Aside from the fitness tracking, the Fitbit Charge HR also has other features like Caller ID, auto sleep, and a silent alarm. It also syncs your health stats wireless to either your computer or to Fitbit-compatible smartphones. If you’re the competitive type, you can upload your stats through a Fitbit leaderboard to earn achievements like a video game.
Apple Watches are probably one of the coolest looking smartwatches out there. Unfortunately, they also have a pretty cool price tag of around $400. Yikes!
Luckily, the Amazfit Bip brings the same aesthetic and a slew of premium features, but at a fraction of the cost. For 1/5th of the price of an Apple Watch, the Bip provides a stylish smartwatch with a touch screen, smartphone connectivity to receive notifications, GLONASS for workout tracking, GPS, and a very respectable battery life. Its built-in heart rate monitor is also fairly accurate, a rare feat considering many heart-rate tracking devices are pretty unreliable.
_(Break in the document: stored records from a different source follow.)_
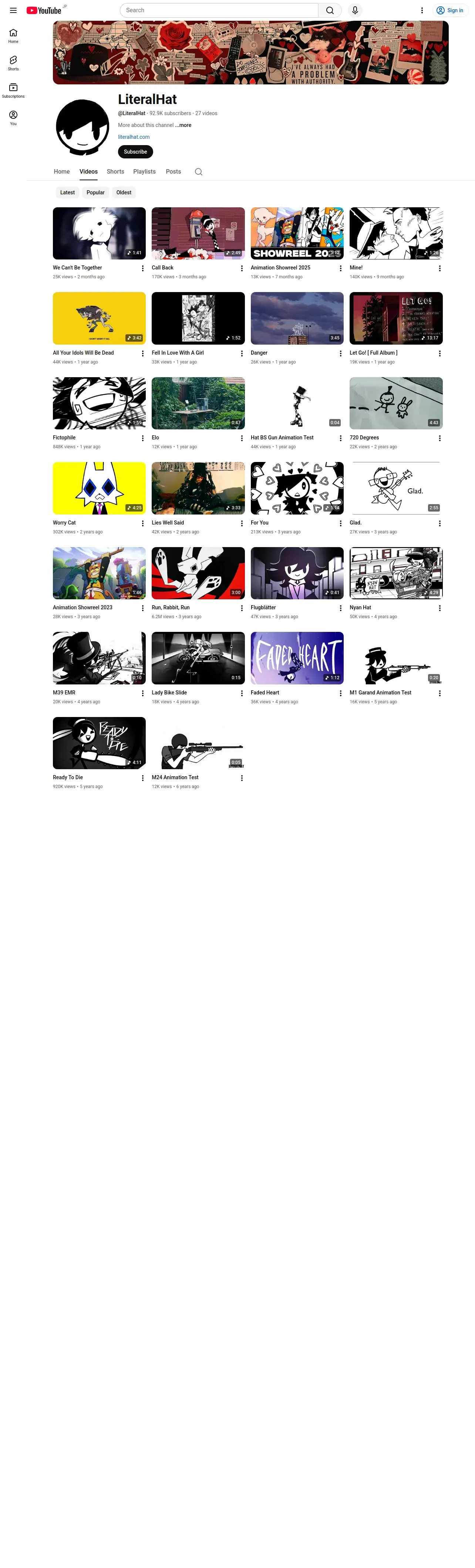 https://www.youtube.com:443/@LiteralHat/videos
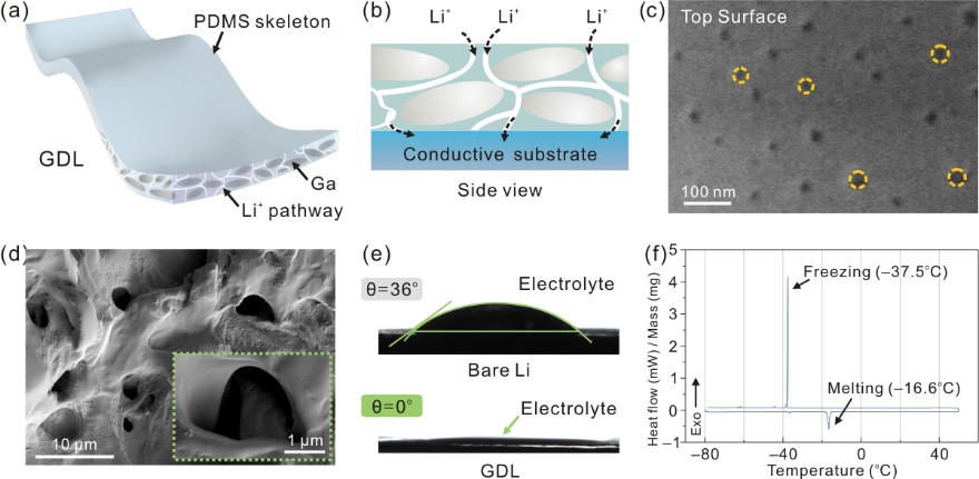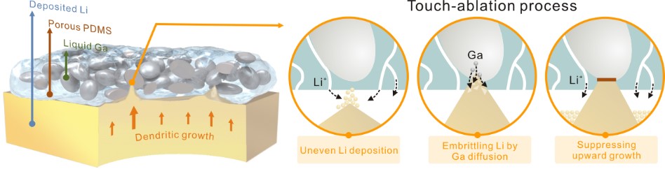 近期,武汉大学付磊课题组另辟蹊径,聚焦于典型的液态金属——镓(Ga),制备出Ga基复合膜作为锂金属负极的保护层。该组提出了接触−消融机制,当枝晶刺入保护层时,即可触发Ga发生独特的脆化现象,合金化接触区域,抑制枝晶向上生长的应力,从而实现均匀的锂沉积。通过精心设计和优化膜结构,将Ga液滴限域于分级多孔的聚二甲基硅氧烷(PDMS)膜中,仅2 μm的膜厚实现Ga的稳定过冷态(熔点降低至–16.6oC),使其在长循环中保持液态性质。同时,PDMS的电绝缘性避免Ga参与电化学反应,而多孔通道确保了锂离子的快速传输,提高电解液浸润性(图1)。
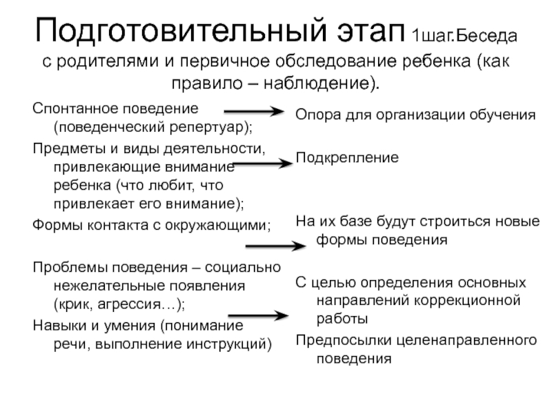 Слайд 14Подготовительный этап 1шаг.Беседа с родителями и первичное обследование ребенка (как
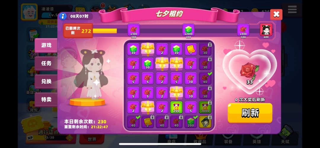 我272发出的2000玫瑰换的一星白蛇,活动开始后第二天我才解锁活动,大概也花了有2w钻,不过这游戏挺良心的了,送的钻石也够多。

The Bip’s battery life is pretty impressive: even with GPS, heart rate monitoring, and work-out tracking turned on and used every day, it still took us two weeks to get the battery below 50%. This is made even more impressive considering that the Bip’s always-on display consists of a 1.28-inch, 176×176-pixel color screen that would drain any other smartwatches battery in a matter of a couple of days.
Despite its upsides, the Bip isn’t perfect: one of its most glaring shortcomings is its lack of an app store. Unlike first-party providers like Samsung, Fitbit, or Apple, the Amazfit Bip doesn’t have a native app where you can download external apps. But, at less than $80, it’s not the worst thing to give up for a third-party manufactured smartwatch that can compete in the big leagues.
Our Top Pick: Pebble Time Smart Watch
Since its humble beginnings as a Kickstarter project way back in 2012, Pebble has led the smartwatch/wearable tech industry ever since, breaking record after record in crowdfunding history and selling millions of smartwatches in the market.
Pebble has always relied on its unique look and proprietary OS to outsell its competition, and so far, they’ve been wildly successful. The Pebble Time is no exception: the watch is very smooth and slim, consisting primarily of matte plastic, save for its metal bezel. Round corners give the Pebble Time a very accessible, casual, and smart look that doesn’t try too hard to be en vogue or sporty: it’s just right.
The Pebble Time uses a 1.25-inch ePaper display and is the first Pebble smartwatch to have a color screen. Through the Pebble App store, which has an impressive 8000++ apps in its library, you can download any external apps you might need, whether it’s weather or fitness tracking, or even customized alarms.
It can be synced with your smartphone so the Pebble Time can display most notifications like text messages, event reminders, calls, emails, and others. The Pebble Time also has a sleep and activity tracker that can monitor sleep quality and steps taken throughout the day.
It’s not a perfect watch, however: the Pebble Time doesn’t come with heart-monitoring nor GPS. The ePaper display, while providing amazing contrast, is worlds apart from OLED or LCD’s image quality. However, these downsides pale in comparison to the amount of other things the Pebble Time is capable of.